CN216751345U - Permanent magnet motor capable of reducing cogging torque ripple - Google Patents

Abstract

The utility model provides a can reduce permanent-magnet machine of cogging torque pulsation, its includes stator part, permanent magnet and rotor part, the rotor part is installed at stator part center, and the outer disc of rotor part forms the air gap with the interior cambered surface of stator part, the cross-section of permanent magnet is isosceles trapezoid, and the permanent magnet is fixed in the rotor part and the radius line of permanent magnet central line and rotor part is unanimous, the magnetic force line path of permanent magnet forms 90 contained angles for using the permanent magnet central line as the benchmark to central line both sides symmetric distribution and respectively with trapezoidal left surface of permanent magnet and trapezoidal right flank, and trapezoidal left surface of permanent magnet and trapezoidal right flank form the contained angle with the permanent magnet central line respectively.
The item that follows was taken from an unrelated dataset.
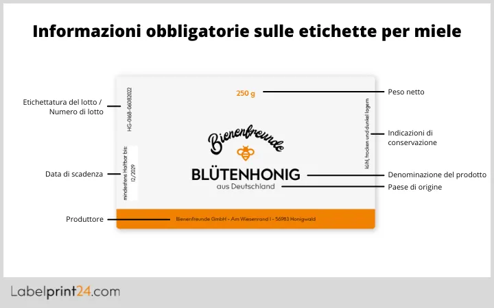 Le etichette per miele devono essere applicate sulle confezioni per fornire, ad esempio, informazioni ai consumatori circa l'origine, la composizione, la denominazione e la qualità del miele. Le etichette riportano anche informazioni obbligatorie come gli ingredienti o la data di scadenza. Per i vasetti di miele possono essere utilizzate anche etichette sigillo, in modo da poter garantire con certezza che il miele sia rimasto intatto prima dell'acquisto e che non sia stato aperto. Nella maggior parte dei casi, i richiami e i motivi pubblicitari vengono applicati sulla parte frontale del vasetto di miele, mentre sul retro vengono riportate le informazioni obbligatorie.

The utility model discloses a change the shape of permanent magnet to can reduce permanent-magnet machine's tooth's socket torque pulsation, reduce vibration and noise by tooth's socket torque pulsation arouse, reduce the rotational speed and fluctuate, make permanent-magnet machine operate steadily.

Description

Permanent magnet motor capable of reducing cogging torque ripple

Technical Field

The utility model relates to a permanent-magnet machine especially relates to a permanent-magnet machine that can reduce tooth's socket torque pulsation.

Background

As shown in fig. 1 to 3, an existing permanent magnet motor generally includes a stator component, a permanent magnet and a rotor component, the permanent magnet used in the existing permanent magnet motor has a substantially rectangular cross section, the permanent magnets are N-pole permanent magnets and S-pole permanent magnets, the N-pole permanent magnets and the S-pole permanent magnets are alternately fixed in the rotor component, the permanent magnet motor has large cogging torque ripple, and the cogging torque ripple causes the permanent magnet motor to generate vibration and noise, and the rotation speed ripple occurs, so that the permanent magnet motor cannot run stably, and the performance of the permanent magnet motor is affected. Especially in variable speed drives, when the cogging torque ripple frequency coincides with the mechanical resonance frequency of the stator or rotor, the vibrations and noise generated by the cogging torque will also be amplified. Also, the presence of cogging torque ripple also affects the low speed performance of permanent magnet motors in speed control systems and the high accuracy positioning of permanent magnet motors in position control systems.

Disclosure of Invention

The utility model aims to solve the technical problem that the aforesaid is not enough and provide a permanent-magnet machine that can reduce tooth's socket torque pulsation to prior art, it has less tooth's socket torque pulsation and vibration noise.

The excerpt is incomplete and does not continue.